Sharp declines in freight volumes, utilization, and rates due to the COVID-19 pandemic could lead to the worst overall trucking conditions on record during the second quarter of this year, according to FTR’s projections for the Trucking Conditions Index (TCI). FTR forecasts that the TCI will hit its lowest points in April and May, but the current outlook is for the index to remain negative well into 2021.
The most recent final index reading was 0.96 for February, which was down from January but still slightly positive. Before the COVID-19 crisis in March, the TCI had been positive for three straight months, which had not happened in a year.
Avery Vise, vice president of trucking, commented, “Although trucking conditions might prove to be comparable to the worst of the Great Recession, the trucking industry – like the rest of the economy – has never seen such an abrupt deterioration. The need to restock grocery shelves provided a brief boost for some segments, but the economic shutdown now has taken a toll on the whole industry. While an economic restart likely will begin in May, the damage wrought during this period will weaken trucking conditions for months to come.”

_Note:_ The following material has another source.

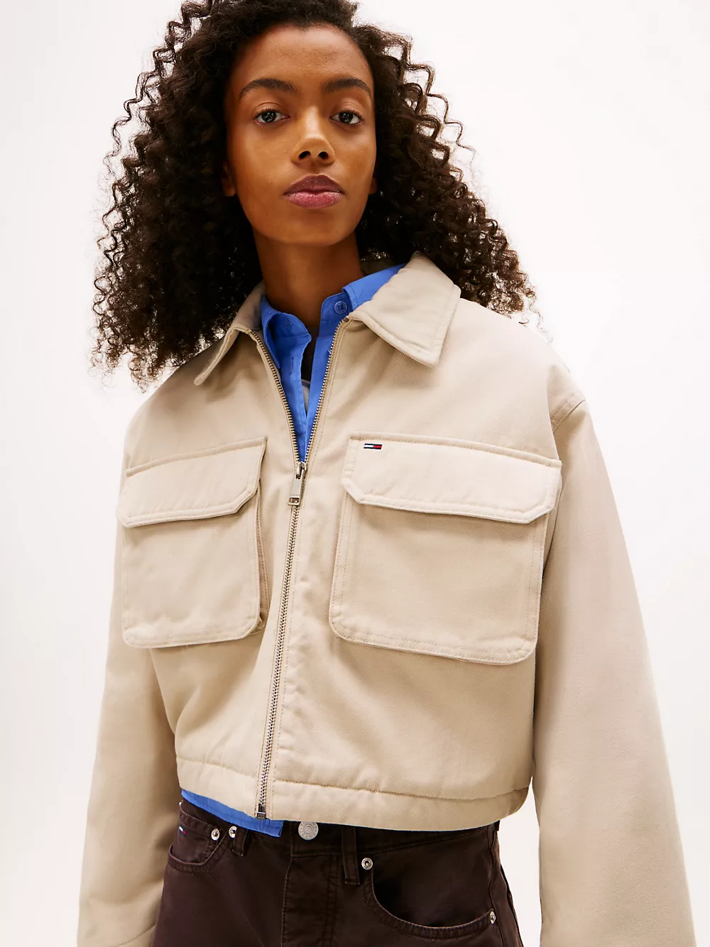 Tommy Hilfiger women's jacket. This workwear-inspired twill jacket is designed with a front zip closure and flap pockets at the chest. This version is made with padded insulation to keep you warm as the temps drop. Part of our Tommy Jeans collection.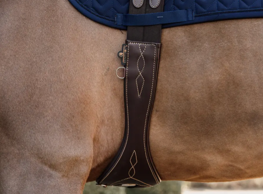 Appositamente sagomato e progettato per seguire il movimento naturale del cavallo, il Kentucky Horsewear Anatomic Sottopancia offre comfort e libertà. Allevia spalle e gomiti del cavallo, permettendo di respirare meglio limitando comunque il rischio di lesioni. È dotato di elastici su entrambe le estremità per equalizzare la pressione, nonché tre anelli a D per accogliere l'attrezzatura scolastica e una fibbia per fissare il pettorale al sottopancia. Gli elastici sono molto resistenti e rimangono fermi in quanto sono tre doppi. Il sottopancia anatomico presenta un interno protettivo in EVA. Il sottopancia è realizzato in pelle artificiale, rendendolo 100% amico degli animali e di facile manutenzione. Kentucky Horsewear ha sviluppato un Tack Cleaner per pulire la nostra pelle artificiale. Molto facile ed efficiente! La pelle artificiale non assorbe sporco, sudore o acqua ed è quindi molto resistente! Non cambia colore e non si danneggia facilmente.

Details of the February TCI are found in the April issue of FTR’s Trucking Update, published March 31. The April Trucking Update also includes data, analysis, and commentary on load volumes, the capacity environment, rates, costs, and the truck driver situation considering the economic contraction due to COVID-19.
Because the impact of COVID-19 is fluid and uncertain, FTR also has been publishing analysis that is available to the public at www.ftrintel.com/coronavirus. That page features:
The TCI tracks the changes representing five major conditions in the U.S. truck market. These conditions are: freight volumes, freight rates, fleet capacity, fuel price, and financing. The individual metrics are combined into a single index indicating the industry’s overall health. A positive score represents good, optimistic conditions. Conversely, a negative score represents bad, pessimistic conditions. Readings near zero are consistent with a neutral operating environment, and double-digit readings (up or down) suggest significant operating changes are likely.